What to do
Give back the exact lines of the material below from the one containing "Another indicator, the" through the one containing "4.炒好的大米冲洗干净,然后", and no pictures.

Data for analysis
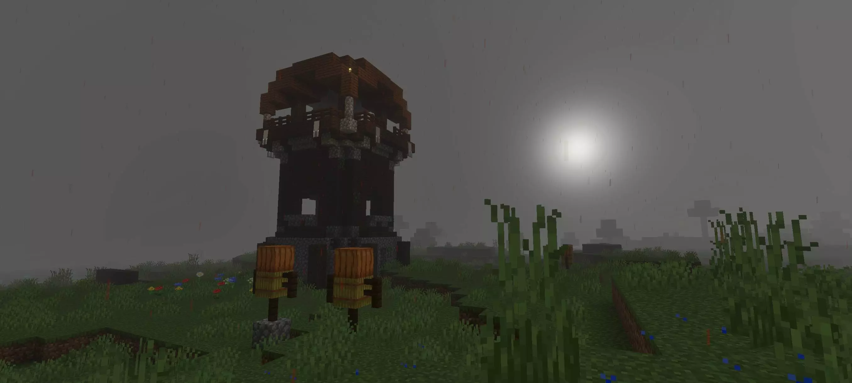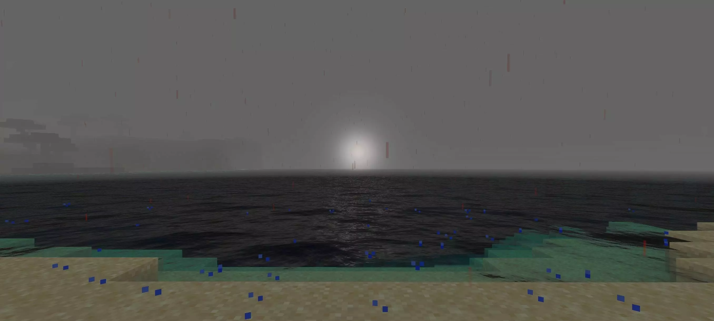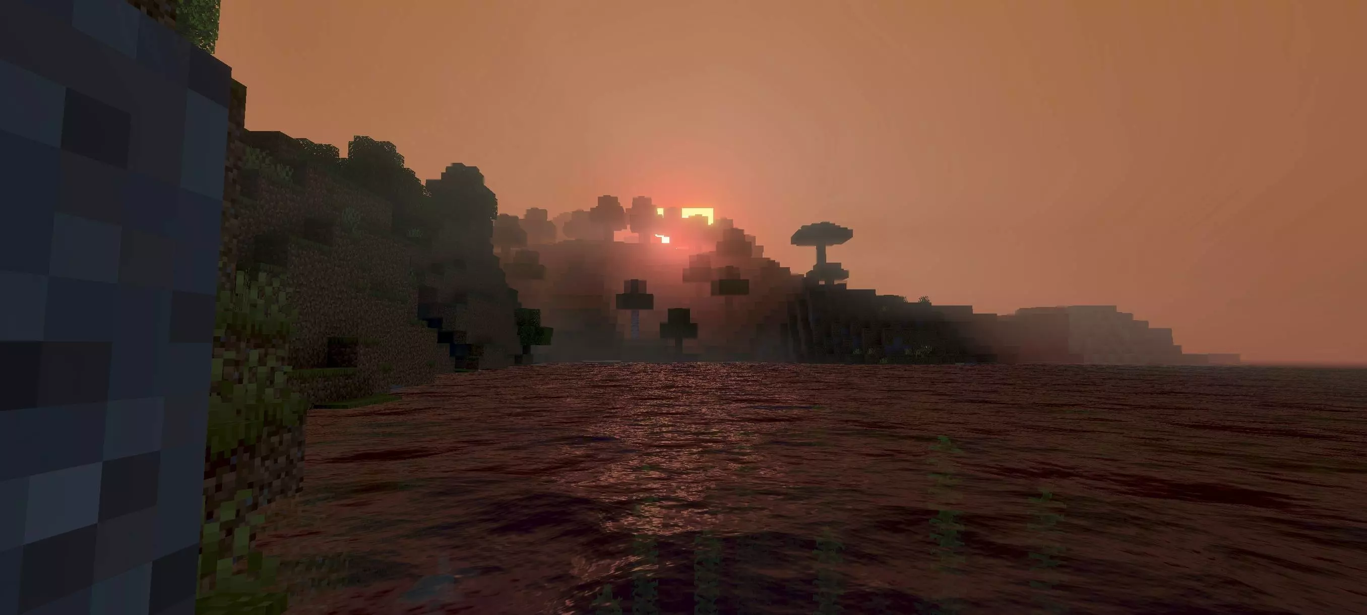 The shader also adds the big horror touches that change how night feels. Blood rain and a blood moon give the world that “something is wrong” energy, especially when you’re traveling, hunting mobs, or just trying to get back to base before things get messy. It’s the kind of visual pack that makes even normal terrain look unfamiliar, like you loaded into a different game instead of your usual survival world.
---
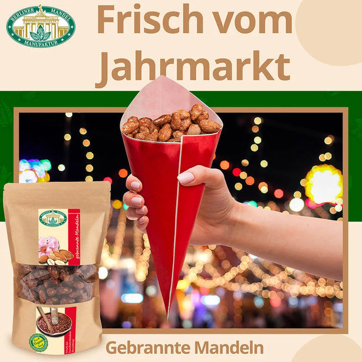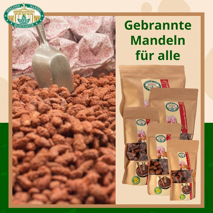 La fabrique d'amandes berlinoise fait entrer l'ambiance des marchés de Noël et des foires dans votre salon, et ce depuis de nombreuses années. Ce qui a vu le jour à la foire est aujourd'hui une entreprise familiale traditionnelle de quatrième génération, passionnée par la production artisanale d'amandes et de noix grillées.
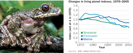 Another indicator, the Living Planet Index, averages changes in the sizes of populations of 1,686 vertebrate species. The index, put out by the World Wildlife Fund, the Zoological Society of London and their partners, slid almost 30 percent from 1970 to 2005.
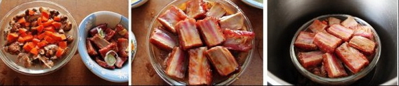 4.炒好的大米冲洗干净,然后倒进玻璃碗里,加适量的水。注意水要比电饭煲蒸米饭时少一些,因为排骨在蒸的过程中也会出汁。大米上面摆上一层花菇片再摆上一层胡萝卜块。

Answer section
 Another indicator, the Living Planet Index, averages changes in the sizes of populations of 1,686 vertebrate species. The index, put out by the World Wildlife Fund, the Zoological Society of London and their partners, slid almost 30 percent from 1970 to 2005.
 4.炒好的大米冲洗干净,然后倒进玻璃碗里,加适量的水。注意水要比电饭煲蒸米饭时少一些,因为排骨在蒸的过程中也会出汁。大米上面摆上一层花菇片再摆上一层胡萝卜块。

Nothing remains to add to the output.